CN220199605U - Survey data acquisition system based on wireless network - Google Patents

Abstract

The utility model provides a survey data acquisition system based on a wireless network, which comprises an unmanned aerial vehicle main body, a landing gear, a data acquisition mechanism and a floating mechanism, wherein the data acquisition mechanism comprises a main control unit, a sensor group, a wireless transmission unit and a bearing plate, the floating mechanism comprises an air bag, an air pump and an air transmission pipeline, the unmanned aerial vehicle main body can drive the sensor group to fly, the air bag is inflated by the air pump, the unmanned aerial vehicle main body is controlled to descend to the water surface to float, at the moment, the sensor group can acquire data in the water, the acquired data can be transmitted outwards through the wireless transmission unit, real-time transmission of the survey data is realized, the survey data acquisition can be carried out at any position of a lake through the driving of the unmanned aerial vehicle main body, manual participation is not needed, the survey efficiency is improved, and the acquired data can accurately reflect the state of the water body because the unmanned aerial vehicle main body has small volume and cannot excessively destroy the original state of the water body when the unmanned aerial vehicle main body descends to the water surface.

Description

Survey data acquisition system based on wireless network

Technical Field

The utility model relates to the technical field of surveying, in particular to a surveying data acquisition system based on a wireless network.

Background

With the continuous increase of population number, people's average resource is also continuously reducing, in order to realize the rational utilization to the resource, need survey the topography such as land, mountain and river regularly, survey data to survey corresponding topography is collected, thereby can artificial development civil engineering etc., and traditional data acquisition is generally all through artifical handheld data collector removal to different topography department gather, data acquisition is comparatively time consuming and laborious, and most data need get back indoor just can transmit and detect, in addition, partial topography is comparatively complicated, be unsuitable for artificial acquisition data, for example need survey the time spent on the lake, the staff need not with the help of the instrument under the condition, only can carry out data acquisition to the bank, if need survey the time spent on the region in lake middle part, survey the cost of additionally using the ship is higher, and the ship is at the navigation in the lake, can destroy the original state of lake, result in the survey data of gathering can not reflect actual state.

Disclosure of Invention

In view of the above, the utility model provides a survey data acquisition system based on a wireless network, which performs unmanned data acquisition on lakes on the basis of minimum damage and transmits the acquisition process in a wireless manner.
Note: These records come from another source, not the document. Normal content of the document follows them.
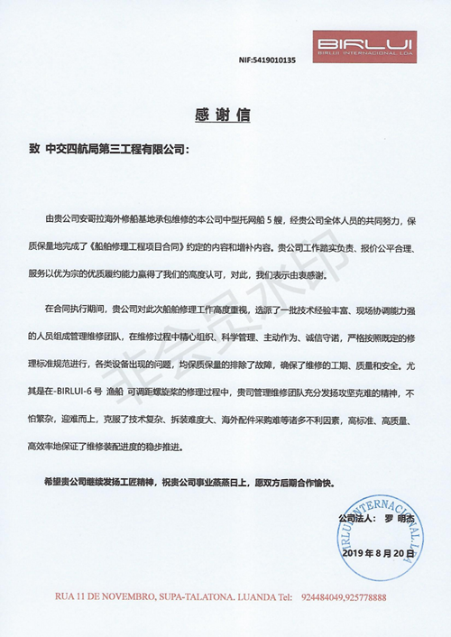 8月20日,公司收到BIRLUI公司发来的感谢信,对公司安哥拉修理厂管理维修团队工作踏实负责、技术素质过硬、优质履约能力表示肯定以及感谢。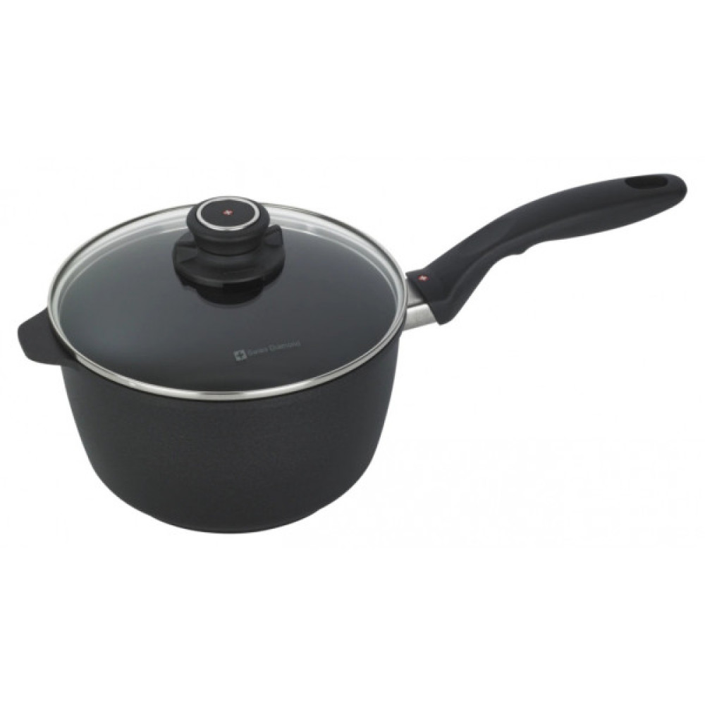 Це посуд преміум класу, виготовлений із високоякісного литого алюмінію. Ергономічні ручки з термостійкого бакеліту, розроблені з урахуванням необхідної противаги, дозволяють використовувати ківш у духовці за температури до 260 °С. Кришка із загартованого скла оснащена характерним для посуду Swiss Diamond регульованим отвором для пари.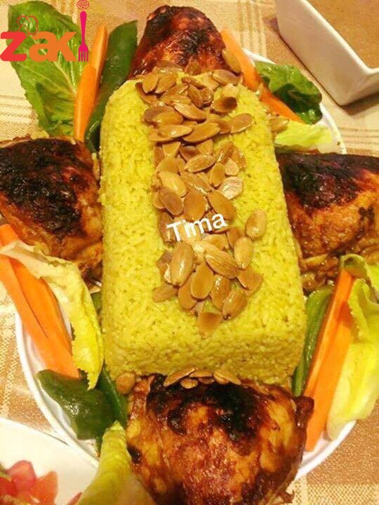 بقلب الرز بالزيت وبضيف عليه الملح والبهارات وبضيف مرق الدجاج وبتركن عالنار على نار خفيفه حتى يستوي الرزالدجاج المشوي:

The technical scheme of the utility model is realized as follows:

the survey data acquisition system based on the wireless network comprises an unmanned aerial vehicle main body, a landing gear, a data acquisition mechanism and a floating mechanism, wherein the landing gear is arranged on the bottom surface of the unmanned aerial vehicle main body, the data acquisition mechanism comprises a main control unit, a sensor group, a wireless transmission unit and a bearing plate, the bearing plate is arranged on the bottom surface of the unmanned aerial vehicle main body, the sensor group is arranged on the bottom surface of the bearing plate, and the main control unit and the wireless transmission unit are arranged on the top surface of the unmanned aerial vehicle main body; the floating mechanism comprises an air bag, an air pump and an air transmission pipeline, the air bag is arranged on the landing gear, the air pump is arranged on the top surface of the unmanned aerial vehicle main body, and the air transmission pipeline is connected with the air bag and the air pump; the main control unit is electrically connected with the unmanned aerial vehicle main body, the sensor group, the wireless transmission unit and the air pump respectively.

Preferably, the floating mechanism further comprises a gas release pipe and an electromagnetic valve, the bottom end of the gas release pipe is connected with the gas transmission pipeline, the electromagnetic valve is arranged on the gas release pipe, and the main control unit is electrically connected with the electromagnetic valve.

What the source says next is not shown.